- _Task description_
The expected copy holds every entry exactly and none of the pictures.

- _Dataset records_
◆ ◆ ◆
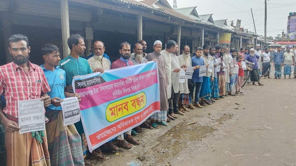 স্টাফ রিপোর্টার, ময়মনসিংহ। ময়মনসিংহ সদর উপজেলা পরানগঞ্জ উচ্চ বিদ্যালয়ের ম্যানেজিং কমিটি গঠনে অনিয়ম ও প্রধান শিক্ষকের দূর্নীতি র বিরুদ্ধে বিচার চেয়ে মানববন্ধন অনুষ্ঠিত হয়েছে। ২৯ সেপ্টেম্বর বৃহস্পতিবার দুপুরে বিদ্যালয়ের সামনে ঘন্টাব্যাপী মানববন্ধন কর্মসূচি পালন করে সাবেক শিক্ষার্থী, অভিভাবক ও স্থানীয় এলাকাবাসী। এ সময়ে বক্তব্য রাখেন পরানগঞ্জ ইউনিয়ন আওয়ামী লীগের সহ সভাপতি আলহাজ্ব শাহজাহান সরকার বাচ্চু,বোররচর ইউনিয়ন জাতীয় পার্টির সভাপতি ও জেলা মুক্তিযোদ্ধা সম্পাদক মোঃ তফাজ্জল হোসেন,৩ নং ওয়ার্ড সাবেক ইউপি সদস্য মোঃ আব্দুস সোবহান, অভিভাবক সদস্য ও আওয়ামী লীগের নেতা মোঃ আকবর আলী,পরানগঞ্জ বাজার পল্লী চিকিৎসক ডাঃ আরিফ রব্বানী, সাবেক শিক্ষার্থী মোঃ মিরাজ আলী প্রমূখ।
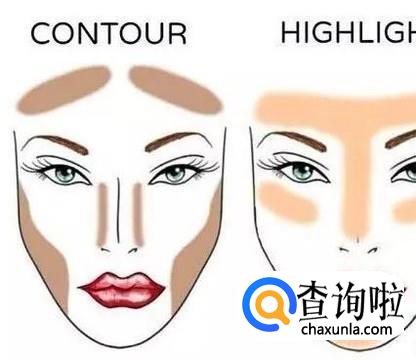 而我们的高光就适合打在鼻梁,额头,下巴,以及我们的苹果肌之类的,可以打造很好的高鼻梁,尖下巴。
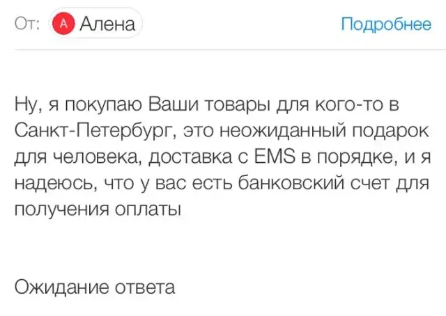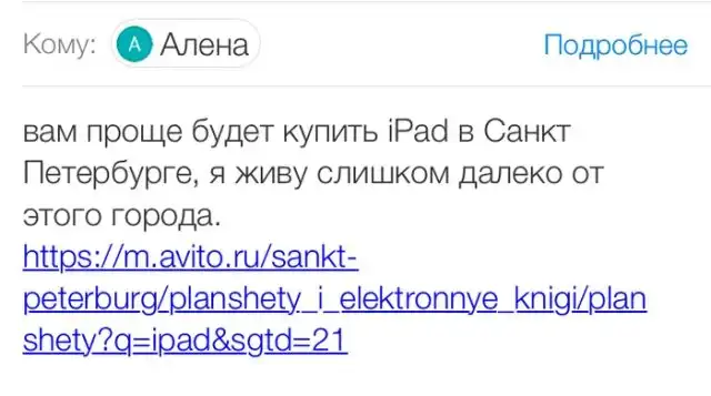 Автор этого поста разместила объявление о продаже своего iPad на одном из сайтов, и очень удивилась, когда всего спустя полчаса получила сообщение от "покупательницы". По словам клиента, она живет за границей и очень страстно желает купить именно этот планшет в подарок для своего знакомого.
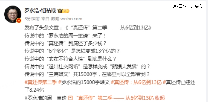 去年8月,罗永浩发布微博《“真还传”第二季——从6亿到13亿》回应债务情况,声称到目前为止一共还了8.24亿元,还剩余5亿多的债务,会继续努力还债。
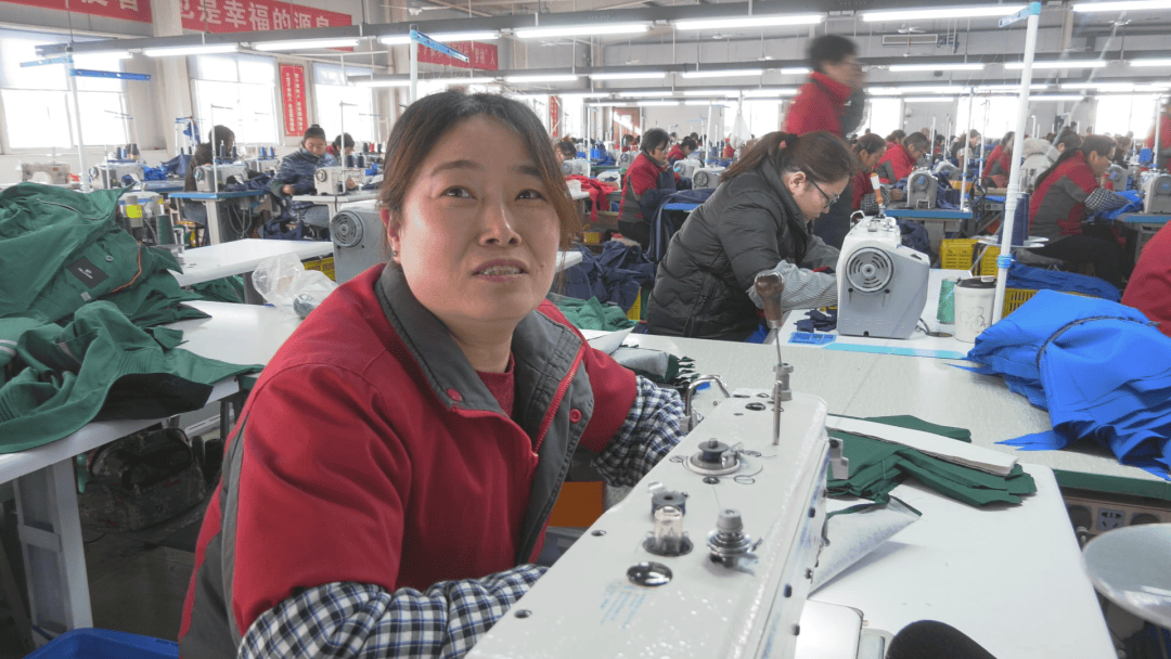 陕西惠泽制衣有限公司中心工厂职工 张宏娟:在这儿反正干得觉着挺稳定的,工资都是按时发,基本上都上四千了。反正管娃弄啥了,觉着也方便,离家也近得很。年底有米、油啥的(福利),平时三八(妇女节),也都给发东西。
◆ ◆ ◆
- _Solution_
 স্টাফ রিপোর্টার, ময়মনসিংহ। ময়মনসিংহ সদর উপজেলা পরানগঞ্জ উচ্চ বিদ্যালয়ের ম্যানেজিং কমিটি গঠনে অনিয়ম ও প্রধান শিক্ষকের দূর্নীতি র বিরুদ্ধে বিচার চেয়ে মানববন্ধন অনুষ্ঠিত হয়েছে। ২৯ সেপ্টেম্বর বৃহস্পতিবার দুপুরে বিদ্যালয়ের সামনে ঘন্টাব্যাপী মানববন্ধন কর্মসূচি পালন করে সাবেক শিক্ষার্থী, অভিভাবক ও স্থানীয় এলাকাবাসী। এ সময়ে বক্তব্য রাখেন পরানগঞ্জ ইউনিয়ন আওয়ামী লীগের সহ সভাপতি আলহাজ্ব শাহজাহান সরকার বাচ্চু,বোররচর ইউনিয়ন জাতীয় পার্টির সভাপতি ও জেলা মুক্তিযোদ্ধা সম্পাদক মোঃ তফাজ্জল হোসেন,৩ নং ওয়ার্ড সাবেক ইউপি সদস্য মোঃ আব্দুস সোবহান, অভিভাবক সদস্য ও আওয়ামী লীগের নেতা মোঃ আকবর আলী,পরানগঞ্জ বাজার পল্লী চিকিৎসক ডাঃ আরিফ রব্বানী, সাবেক শিক্ষার্থী মোঃ মিরাজ আলী প্রমূখ।
 而我们的高光就适合打在鼻梁,额头,下巴,以及我们的苹果肌之类的,可以打造很好的高鼻梁,尖下巴。
 Автор этого поста разместила объявление о продаже своего iPad на одном из сайтов, и очень удивилась, когда всего спустя полчаса получила сообщение от "покупательницы". По словам клиента, она живет за границей и очень страстно желает купить именно этот планшет в подарок для своего знакомого.
 去年8月,罗永浩发布微博《“真还传”第二季——从6亿到13亿》回应债务情况,声称到目前为止一共还了8.24亿元,还剩余5亿多的债务,会继续努力还债。
 陕西惠泽制衣有限公司中心工厂职工 张宏娟:在这儿反正干得觉着挺稳定的,工资都是按时发,基本上都上四千了。反正管娃弄啥了,觉着也方便,离家也近得很。年底有米、油啥的(福利),平时三八(妇女节),也都给发东西。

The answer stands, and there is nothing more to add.